Merkwürdiger weise zeigt mir IntelliJ jetzt an, dass ich meinen Konstruktor testen soll, obwohl er private ist (Konstruktor einer Util-Klasse, die mit "public final class" deklariert ist).

Ein private-Konstrukor lässt sich doch nicht testen oder? 
Hatte jemand schonmal diesen Fehler oder kann mir jemand sagen ob es eher an IntelliJ oder an EMMA liegen muss?

Danke schonmal! 

Gruß Nova


----------



## byte (18. Okt 2006)

Wohl nur indirekt durch ne statische Erzeugermethode (siehe Singleton Pattern)...


----------



## Novanic (18. Okt 2006)

Ja, stimmt, wenn der Konstruktor innerhalb der Klasse verwendet wird, wird er automatisch getestet, wenn ich die entsprechende Methode teste.
Aber da der private Konstruktor nirgends aufgerufen wird, kann ich ihn auch nicht testen... 

Ich denke mal es liegt dann an EMMA. Wenn ich keinen Konstruktor implementiere, wird der Klassen-Kopf als ungetestet markiert, weil ich den Default-Konstruktor nicht getestet habe und wenn ich einen privaten Konstruktor implementiere, wird dieser als ungetestet gewertet.
Andere Möglichkeiten gibt es aber nicht oder?

Dann werde ich das wohl mal an EMMA melden müssen...
Also ein privater Konstruktor, der in der Klasse nicht verwendet wird und auch keinen Inhalt hat, sollte von der Testauswertung ausgeschlossen werden oder nicht?

Danke für eure Hilfe! 

Gruß Nova


----------



## byte (18. Okt 2006)

Ein privater Konstruktor, der nie aufgerufen wird, kann gänzlich entfernt werden. :roll:


----------



## Novanic (18. Okt 2006)

Äh, ne?

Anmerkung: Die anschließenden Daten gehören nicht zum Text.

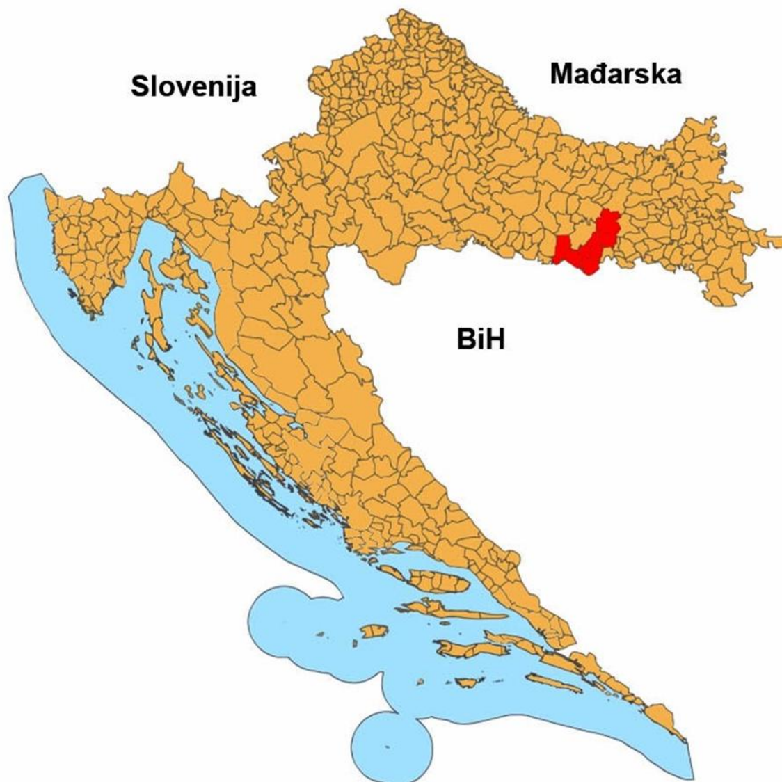
Slika 2: Karta položaja LAG-a na karti Republike Hrvatske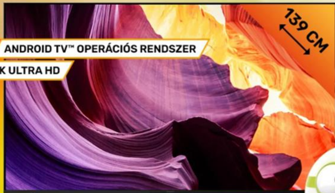
371712 SONY 55" SMART LED TV KD55X80KAEP, 4K HDR PROCESSZOR X1™, TRILUMINOS PRO™, DOLBY ATMOS™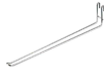
⑤ Ω 18-8 ネット用フック ロングタイプ (DHT-07) 1-1083-0501 ¥1,200

〈WSL-17〉 1-1083-0401 ¥21,000 ベース寸法:1,000×500 質量:2,100g フック寸法:全長:395/質量:160g×5 線材径:φ5mm ●フックが取り外しできますので、セルクルの大きさに応じて移動が可能です。 ※写真のセルクルは別売です。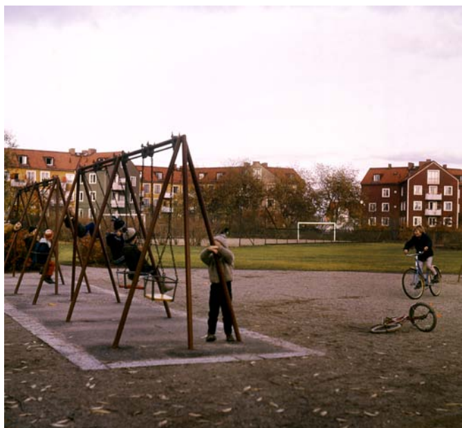
Lekplats i Rosta, 1960-tal.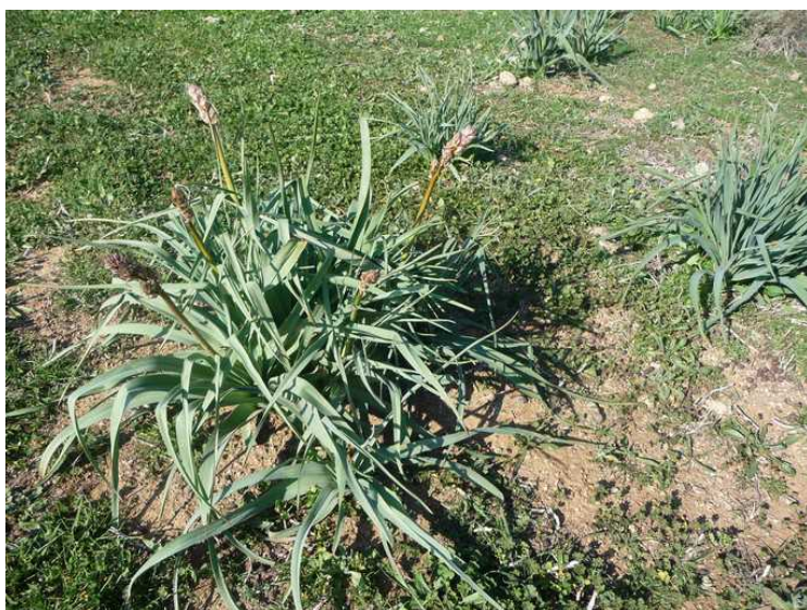
Disse plantene vokser det mye av i hele Pafos-distriktet.

Wenn ich verhindern möchte, dass eine Instanz von der Klasse erzeugt wird? Es handelt sich ja um eine reine Util-Klasse (also alles final und static).

Und wenn ich den Konstruktor weglasse, sagt mir EMMA wiederrum, dass ich den Default-Konstruktor testen soll...


----------



## SnooP (18. Okt 2006)

Jo... solche Konstruktoren sollten grundsätzlich nicht im Abdeckungsfall auftauchen - toll wäre, wenn man für dieses EMMA Annotations nutzen könnte, sowas wie @DontTestMe oder so... damit man von vornherein explizit bestimmte Abdeckungsfälle ausschließen kann.


----------



## SlaterB (18. Okt 2006)

wenn die Klasse eh nix schlimmes anstellen kann, dann erlaube doch einfach den Default-Konstruktor,
niemand kann new Object() verhindern, wer dann new Util() macht ist ebenso selber schuld 

und diesen Defalut-Konstruktor wirst du doch nun wohl testen können um die gute EMMA zufrieden zustellen 
(ist das eine Frauenzeitschrift?  )


----------